Moving from the analysis of empirical regularities of social mobility to theories that explain those regularities, Nybom and Stuhler (2014) suggest that a host of factors affect mobility, and they do so with lags and often in a long-lasting manner. The literature on these neighborhood effects suggests that the “quality” of the neighborhood in which a given family lives is among these host of factors. In particular, Chetty, Hendren and Katz (2016) suggest that intergenerational persistence in income among families on the lower tail of income distribution was reduced among families with young children that were on the treatment group in the MTO experiment. Given that, they conclude that “efforts to integrate disadvantaged families into mixed-income communities are likely to reduce the persistence of poverty across generations”.

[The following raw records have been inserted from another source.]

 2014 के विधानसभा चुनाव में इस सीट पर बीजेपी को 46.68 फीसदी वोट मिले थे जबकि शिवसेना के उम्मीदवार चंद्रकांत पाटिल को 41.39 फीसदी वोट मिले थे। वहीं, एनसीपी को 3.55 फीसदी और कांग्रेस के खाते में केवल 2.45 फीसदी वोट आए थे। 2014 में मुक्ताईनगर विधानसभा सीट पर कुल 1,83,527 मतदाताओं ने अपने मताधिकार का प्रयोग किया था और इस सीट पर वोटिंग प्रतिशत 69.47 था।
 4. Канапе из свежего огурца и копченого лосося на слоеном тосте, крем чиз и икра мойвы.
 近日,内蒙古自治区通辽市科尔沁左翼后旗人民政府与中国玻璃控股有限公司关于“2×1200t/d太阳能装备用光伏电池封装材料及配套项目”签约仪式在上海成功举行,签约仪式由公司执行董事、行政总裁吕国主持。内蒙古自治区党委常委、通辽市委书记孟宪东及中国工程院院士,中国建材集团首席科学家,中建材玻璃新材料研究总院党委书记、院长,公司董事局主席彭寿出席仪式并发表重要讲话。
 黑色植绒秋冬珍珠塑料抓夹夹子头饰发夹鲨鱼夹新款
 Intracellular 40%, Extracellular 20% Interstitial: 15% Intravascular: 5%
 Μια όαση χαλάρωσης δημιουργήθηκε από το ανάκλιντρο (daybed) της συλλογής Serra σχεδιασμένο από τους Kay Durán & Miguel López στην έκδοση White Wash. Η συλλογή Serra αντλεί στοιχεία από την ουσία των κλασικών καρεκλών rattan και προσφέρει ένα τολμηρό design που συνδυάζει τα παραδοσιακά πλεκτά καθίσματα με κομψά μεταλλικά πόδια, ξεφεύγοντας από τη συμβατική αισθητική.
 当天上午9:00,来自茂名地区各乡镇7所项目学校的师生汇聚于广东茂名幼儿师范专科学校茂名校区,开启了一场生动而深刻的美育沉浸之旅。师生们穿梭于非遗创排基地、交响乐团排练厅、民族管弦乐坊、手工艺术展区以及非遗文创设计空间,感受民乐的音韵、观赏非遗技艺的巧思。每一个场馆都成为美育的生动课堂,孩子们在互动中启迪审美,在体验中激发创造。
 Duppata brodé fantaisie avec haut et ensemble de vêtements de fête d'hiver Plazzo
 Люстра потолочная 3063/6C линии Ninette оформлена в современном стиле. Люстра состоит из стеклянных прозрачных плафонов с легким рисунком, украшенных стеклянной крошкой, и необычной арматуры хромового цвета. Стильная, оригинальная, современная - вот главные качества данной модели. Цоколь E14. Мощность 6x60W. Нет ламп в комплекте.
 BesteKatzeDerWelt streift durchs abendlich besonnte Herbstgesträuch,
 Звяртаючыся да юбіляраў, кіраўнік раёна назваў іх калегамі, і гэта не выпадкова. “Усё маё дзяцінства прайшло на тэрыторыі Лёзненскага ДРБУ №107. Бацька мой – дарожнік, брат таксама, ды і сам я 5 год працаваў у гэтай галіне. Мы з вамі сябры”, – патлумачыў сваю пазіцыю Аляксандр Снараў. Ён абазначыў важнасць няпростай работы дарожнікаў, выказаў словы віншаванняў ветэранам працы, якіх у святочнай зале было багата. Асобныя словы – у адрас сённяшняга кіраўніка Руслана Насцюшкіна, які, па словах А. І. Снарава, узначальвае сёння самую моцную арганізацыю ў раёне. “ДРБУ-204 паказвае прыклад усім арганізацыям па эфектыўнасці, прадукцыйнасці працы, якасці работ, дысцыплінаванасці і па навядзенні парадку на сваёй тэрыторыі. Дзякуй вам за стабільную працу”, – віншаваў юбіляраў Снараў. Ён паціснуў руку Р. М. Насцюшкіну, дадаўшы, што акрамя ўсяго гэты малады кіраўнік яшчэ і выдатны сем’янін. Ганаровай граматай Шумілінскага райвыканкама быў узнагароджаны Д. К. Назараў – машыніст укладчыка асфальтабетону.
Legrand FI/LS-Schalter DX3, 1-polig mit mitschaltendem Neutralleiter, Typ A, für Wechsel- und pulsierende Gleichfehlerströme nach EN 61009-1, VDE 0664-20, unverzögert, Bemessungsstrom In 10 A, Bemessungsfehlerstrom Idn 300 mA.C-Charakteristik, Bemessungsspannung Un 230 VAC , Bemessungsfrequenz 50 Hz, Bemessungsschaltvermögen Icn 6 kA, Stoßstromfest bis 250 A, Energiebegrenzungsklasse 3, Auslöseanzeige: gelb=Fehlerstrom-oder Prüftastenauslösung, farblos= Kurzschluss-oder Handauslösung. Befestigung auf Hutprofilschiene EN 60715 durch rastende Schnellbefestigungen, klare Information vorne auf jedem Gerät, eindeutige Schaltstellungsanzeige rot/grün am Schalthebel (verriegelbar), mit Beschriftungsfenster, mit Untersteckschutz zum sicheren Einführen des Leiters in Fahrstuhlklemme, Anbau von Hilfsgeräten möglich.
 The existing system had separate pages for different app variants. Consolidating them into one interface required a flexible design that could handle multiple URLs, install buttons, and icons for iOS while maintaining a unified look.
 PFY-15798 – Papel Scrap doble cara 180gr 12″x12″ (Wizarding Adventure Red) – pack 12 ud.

I find these results interesting, but would like to stress the importance of discussing what may drive these results. I mean, are “poorer” neighborhoods, and thus “poorer” communities less able to promote social mobility among their children per se, or are there other factors that cause these results? Some factors could have to do with increased policing and incarceration rates affecting communities from these neighborhoods, as discussed in Derenoncourt (2019), or the high supply of low skilled labor in local labor markets, as discussed by Boustan in her work on the Economic effects of living in an ethnic enclave.
Understanding the drivers through which neighborhoods affect social mobility is quite important for policy design. It seems to me that a Moving to Opportunity e experiment has as an underlying assumption that poorer neighborhoods hurt mobility per se, while programs of direct intervention, such as the Harlem Children’s Zone cited by Max, seem to suggest that the causality runs from other factors that are prevalent in these neighborhoods.
Finally, I want to suggest that it is important to incorporate in such research a qualitative appreciation of subjective results of displacing people from their neighborhoods. My concern is that belonging to a given neighborhood is often part of one’s identity and one’s self perception. Lower income neighborhoods often host immigrant communities that find in such neighborhood a safe geographical area to practice their culture and to build social relations among equals. While we can find positive results on mobility and children’s mental health of moving families from lower income to mixed-income neighborhoods, there may be important social results that will hardly be captured in a quantitative analysis of such experiments. Results that may have social and political implications that may conflict with the way we collectively think that societies should be organized and how pluriculturality should be addressed in urban environments.